- Book: Gospel of Matthew
- Christian Bible part: New Testament

= Matthew 10:38 =

Matthew 10:38 is a verse in the tenth chapter of the Gospel of Matthew in the New Testament.

==Content==
In the original Greek according to Westcott-Hort for this verse is:
καὶ ὃς οὐ λαμβάνει τὸν σταυρὸν αὐτοῦ καὶ ἀκολουθεῖ ὀπίσω μου, οὐκ ἔστι μου ἄξιος.

In the King James Version of the Bible the text reads:
And he that taketh not his cross, and followeth after me, is not worthy of me.

The New International Version translates the passage as:
and anyone who does not take his cross and follow me is not worthy of me.

==Analysis==
Archbishop John McEvilly comments on the words, "take his cross", saying that this implies cheerfully, willingly, and patiently taking it up "from the hands of God". The cross is often interpreted as suffering, and even a cruel death, if necessary.
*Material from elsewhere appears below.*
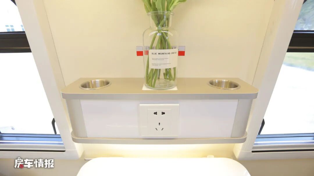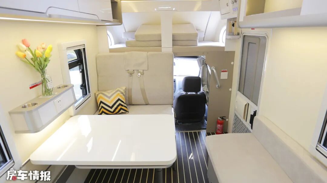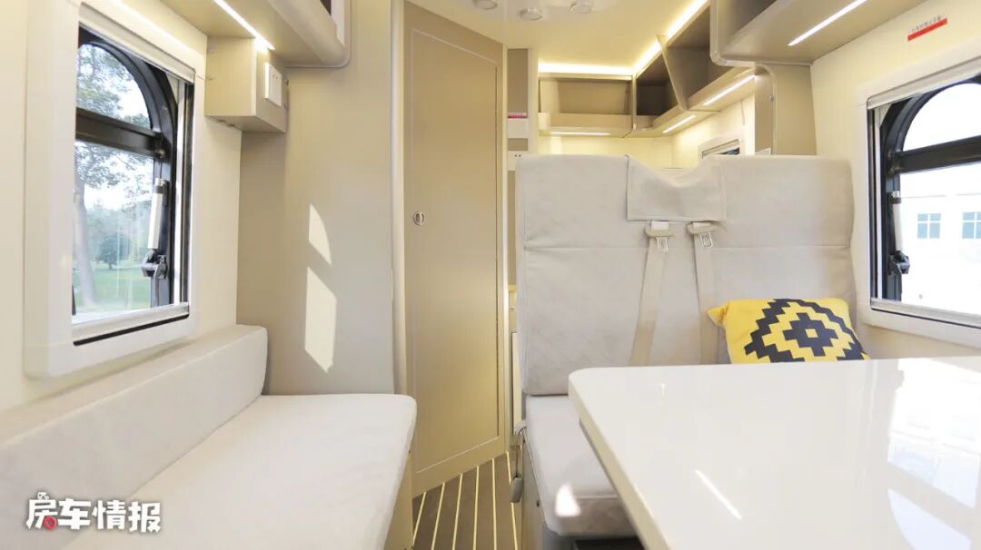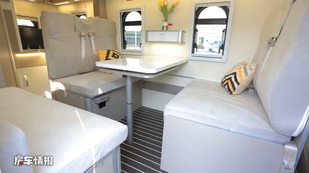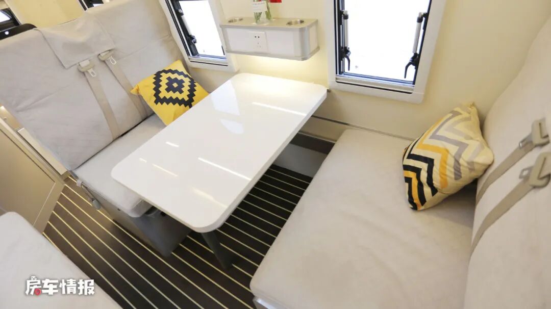 车内的会客区采用了四人对卡座沙发+餐桌的设计,并配置了四条安全带,整车最多可以核载6个人,会客区侧面的观赏窗设计也和我们以往见到的不同,为一左一右两扇外推窗,中间则是一个小型的置物平台,带有220V的电源插口,后期也可以在这里办公,又或者插上电磁炉在寒冷的冬日享受火锅大餐。

He notes that it is "his cross", since, "by God's special providence, He knows best what cross to send each individual, as He may destine it for him." In this verse Jesus clearly alludes to the cross he himself would carry on his shoulders.

Robert Witham states that there are two types of cross which Jesus here bids his disciples to take up: one physical, and the other spiritual. By the first, he bids us to "restrain the unruly appetites of the touch, taste, sight, etc." By the second, he teaches us to "govern the affections of the mind, and restrain all its irregular motions, by humility, tranquillity, modesty, peace, etc."

==Commentary from the Church Fathers==
Chrysostom: " Then that those to whom the love of God is preferred should not be offended thereat, He leads them to a higher doctrine. Nothing is nearer to a man than his soul, and yet He enjoins that this should not only be hated, but that a man should be ready to deliver it up to death, and blood; not to death only, but to a violent and most disgraceful death, namely, the death of the cross; therefore it follows, And whoso taketh not up his cross and followeth me, is not worthy of me. He had as yet said nothing to them respecting his own sufferings, but instructs them in the meanwhile in these things, that they may the more readily receive His words concerning His passion."

Hilary of Poitiers: " Or; They that are Christ’s have crucified the body with its vices and lusts. (Gal. 5:24.) And he is unworthy of Christ who does not take up His cross, in which we suffer with Him, die with Him, are buried and rise again with Him, and follow his Lord, purposing to live in newness of spirit in this sacrament of the faith."

Gregory the Great: "The cross is so called from 1torment; and there are two ways in which we bear the Lord’s cross; either when we afflict the flesh by abstinence; or when in compassion for our neighbour we make his afflictions our own. But it should be known that there are some who make a show of abstinence not for God, but for ostentation; and some there are who show compassion to their neighbour, not spiritually but carnally, not that they may encourage him in virtue, but rather countenancing him in faults. These indeed seem to bear their cross, but do not follow the Lord; therefore He adds, And followeth me"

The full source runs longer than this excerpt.